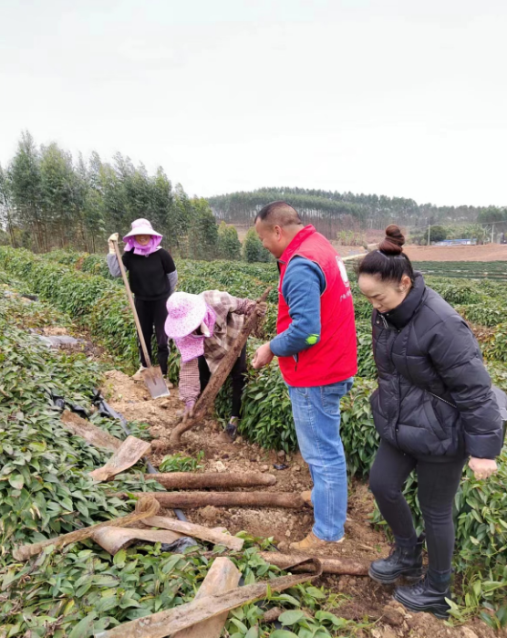 那楼镇农林水利服务中心农技员黄开航指导种植户采收淮山
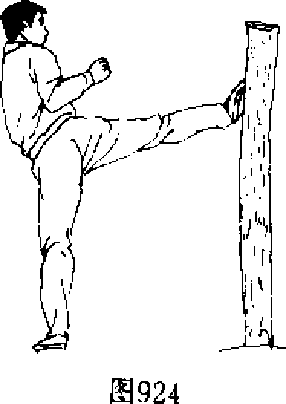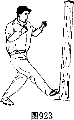 【动作说明】接上势,右脚提起,脚尖外展.同时,用脚掌 向前下方踩击木桩,脚高与膝平,两臂屈肘抱拳,目视前方(图 923),
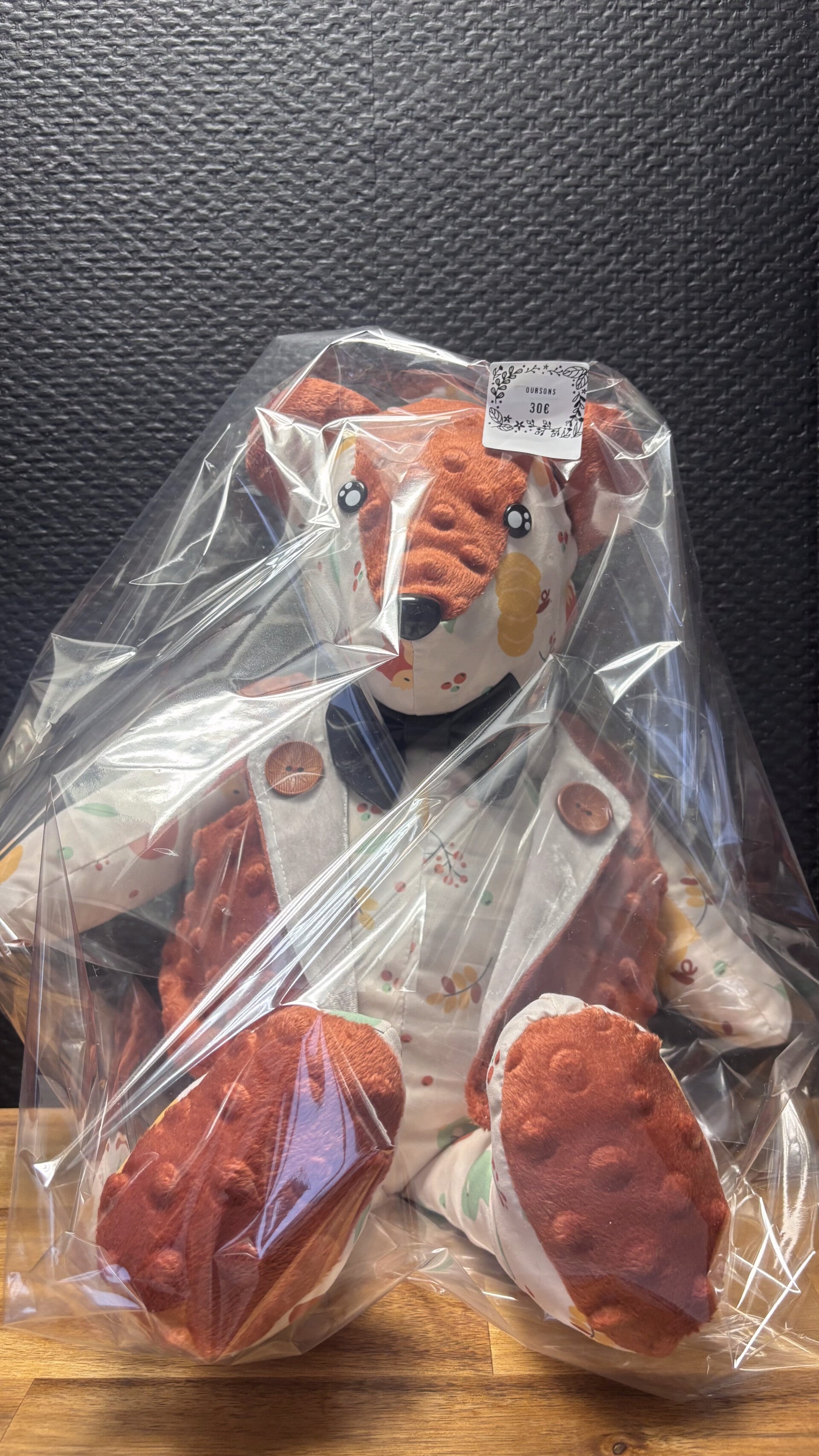 Peluche 1:Ours en velour minky marron,imprimé aux motifs vegetaux .petit noeux papillon noir qui lui donne un coté chic .
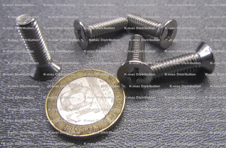 Machine Screws - Metric Flat Head Phillips Drive, Class 6g, DIN 965, Fully Threaded, 90° Bevel under the head.
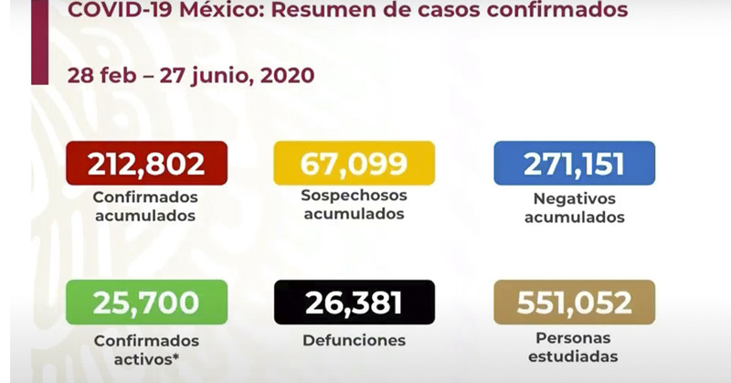 La Secretaría de Salud dio a conocer que en México han muerto 26 mil 381 personas a causa de coronavirus
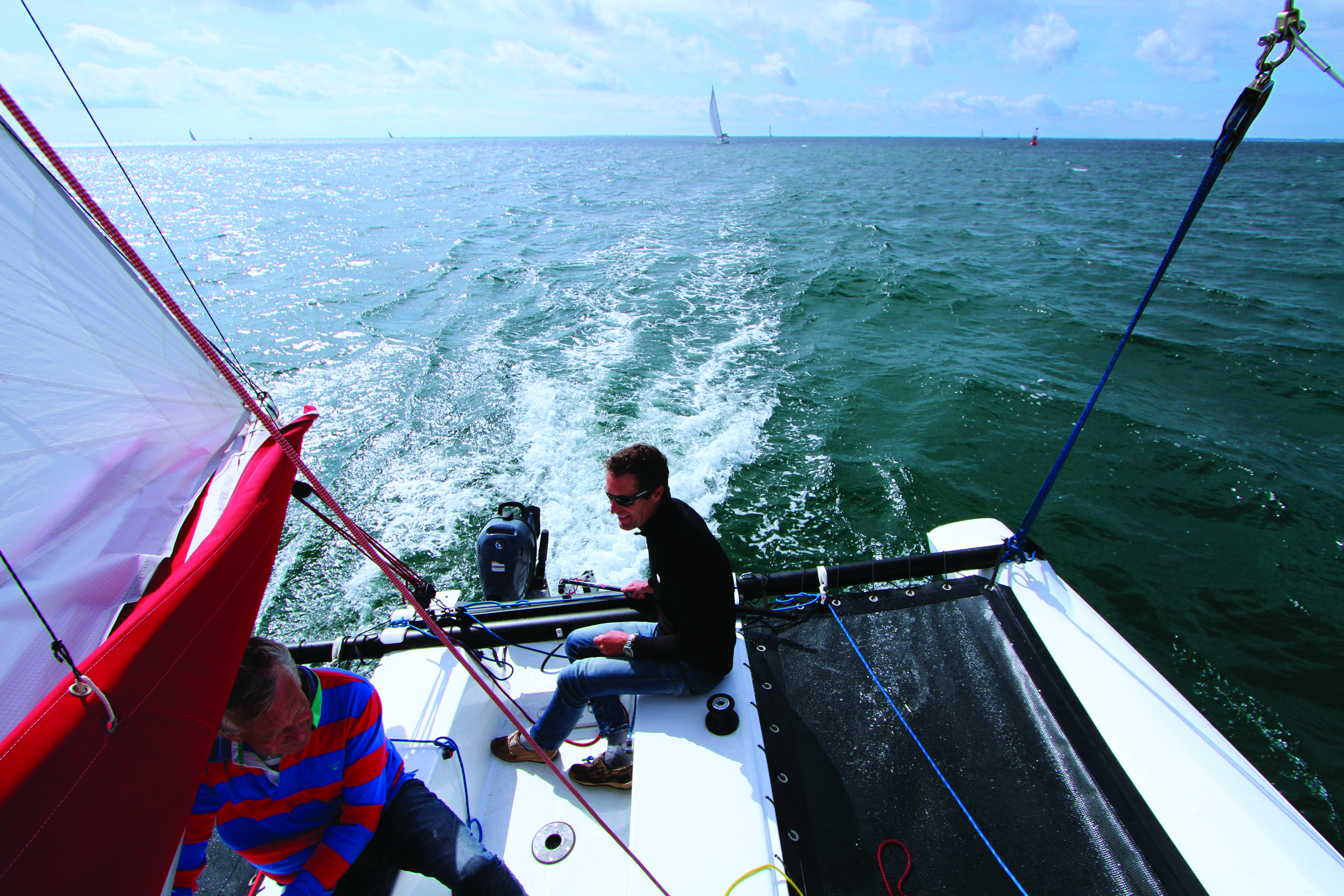 Le moteur, positionné assez loin du barreur, n’est pas très facile d’accès lors de la mise en route, de la réduction ou accélération des gaz, ou encore du braquage pour les manœuvres. Mais une fois en route, on se rend vite compte qu’une très faible puissance de 3 CV suffit largement à propulser ce poids plume. La mise en place des voiles est évidemment aisée vu les petites surfaces. Quelques nœuds de vent suffisent à démarrer le 20.5 : particulièrement véloce, il accélère à la moindre risée et vire sur place sans broncher. Au près, le cap est excellent. Impossible de se rendre compte, à la barre, que notre dérive est décentrée sur la coque centrale – encore une astuce pour ne pas encombrer l’intérieur. A noter : cette dérive comme le safran sont pivotants et sont tous deux équipés d’un taquet déverrouillable. En revanche, pour obtenir un rendement optimal, le bon réglage du point de tire du foc s’avère essentiel : le système d’écoutes mouflées sur points de tire fixes est perfectible. Le gennaker permet aux carènes de donner toute leur mesure – d’autant que le vent dans la baie de Quiberon frise maintenant les 15 nœuds : l’Astus progresse à 10 nœuds, pointes à 12. Le flotteur au vent ne touche plus l’eau, la coque centrale soulage un peu, la structure ne bouge pas d’un ongle… la marge de sécurité (et de vitesse !) est encore énorme. Dans le cockpit, on reste globalement au sec. Les embruns ne fouettent avec entrain que la zone sous le vent.
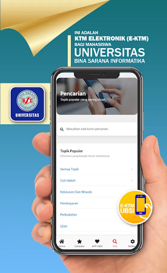 The Student Identity Card is an electronic identity card for all students registered as students at Bina Sarana Informatika University. This card will have several functions. Bina Sarana Informatika University students will later be able to use E-KTM as a card for campus academic and non-academic activities including as an attendance tool, non-cash transactions, transactions at the Bina Sarana Informatika University Foodcourt, transactions for purchasing Bina Sarana Informatika University merchandise and many other functions. . Students are required to save the E-KTM until they pass the thesis exam.
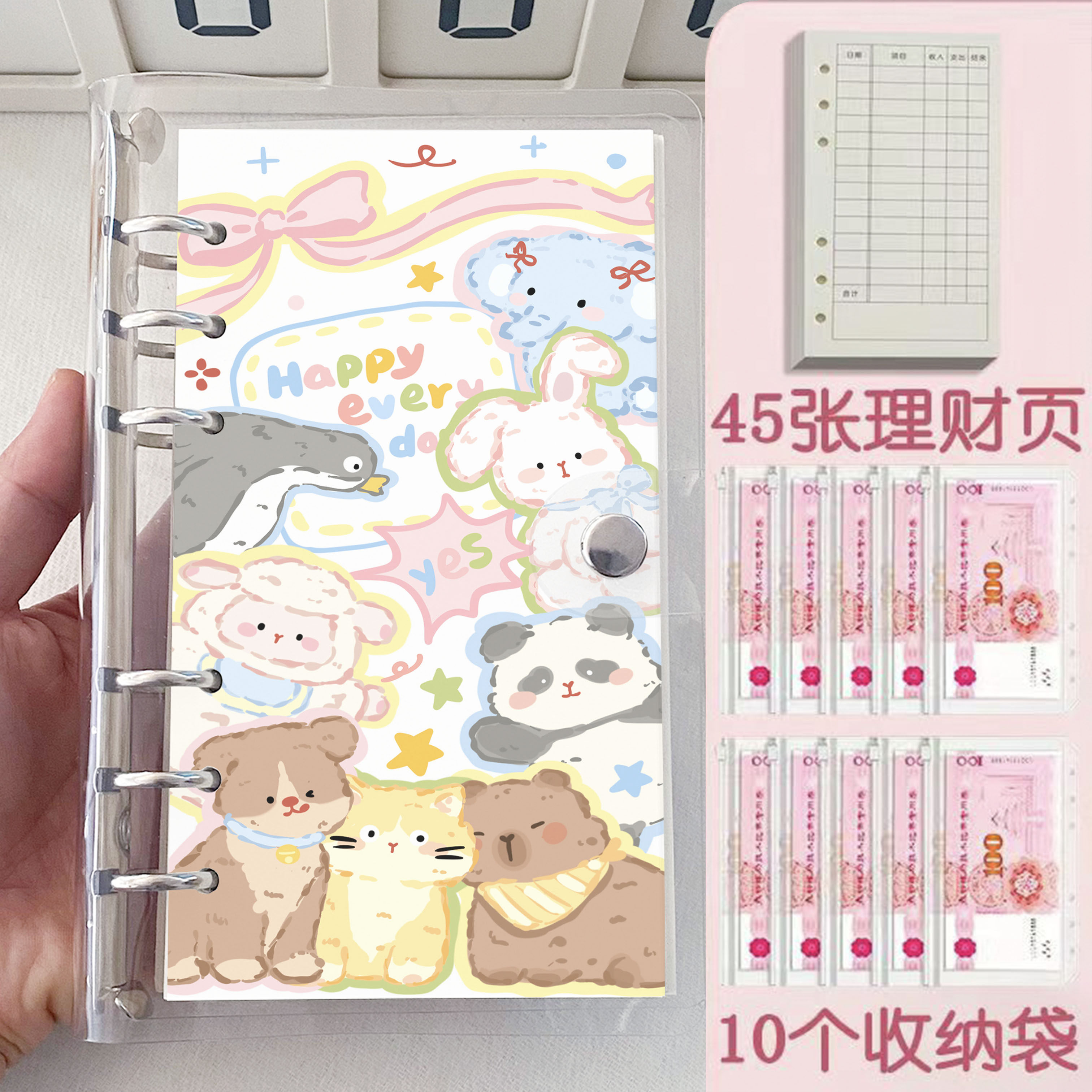 卡通存钱本学生大容量现金收账本家庭零钱收纳袋活页攒钱账册卡袋

> **EXERCISE DETAILS**
The line containing "La Secretaría de" marks the end; please output exactly the lines of the listing above from its first line through that line, without pictures.

> **ANSWER TO THIS TASK**
 那楼镇农林水利服务中心农技员黄开航指导种植户采收淮山
 【动作说明】接上势,右脚提起,脚尖外展.同时,用脚掌 向前下方踩击木桩,脚高与膝平,两臂屈肘抱拳,目视前方(图 923),
 Peluche 1:Ours en velour minky marron,imprimé aux motifs vegetaux .petit noeux papillon noir qui lui donne un coté chic .
 Machine Screws - Metric Flat Head Phillips Drive, Class 6g, DIN 965, Fully Threaded, 90° Bevel under the head.
 La Secretaría de Salud dio a conocer que en México han muerto 26 mil 381 personas a causa de coronavirus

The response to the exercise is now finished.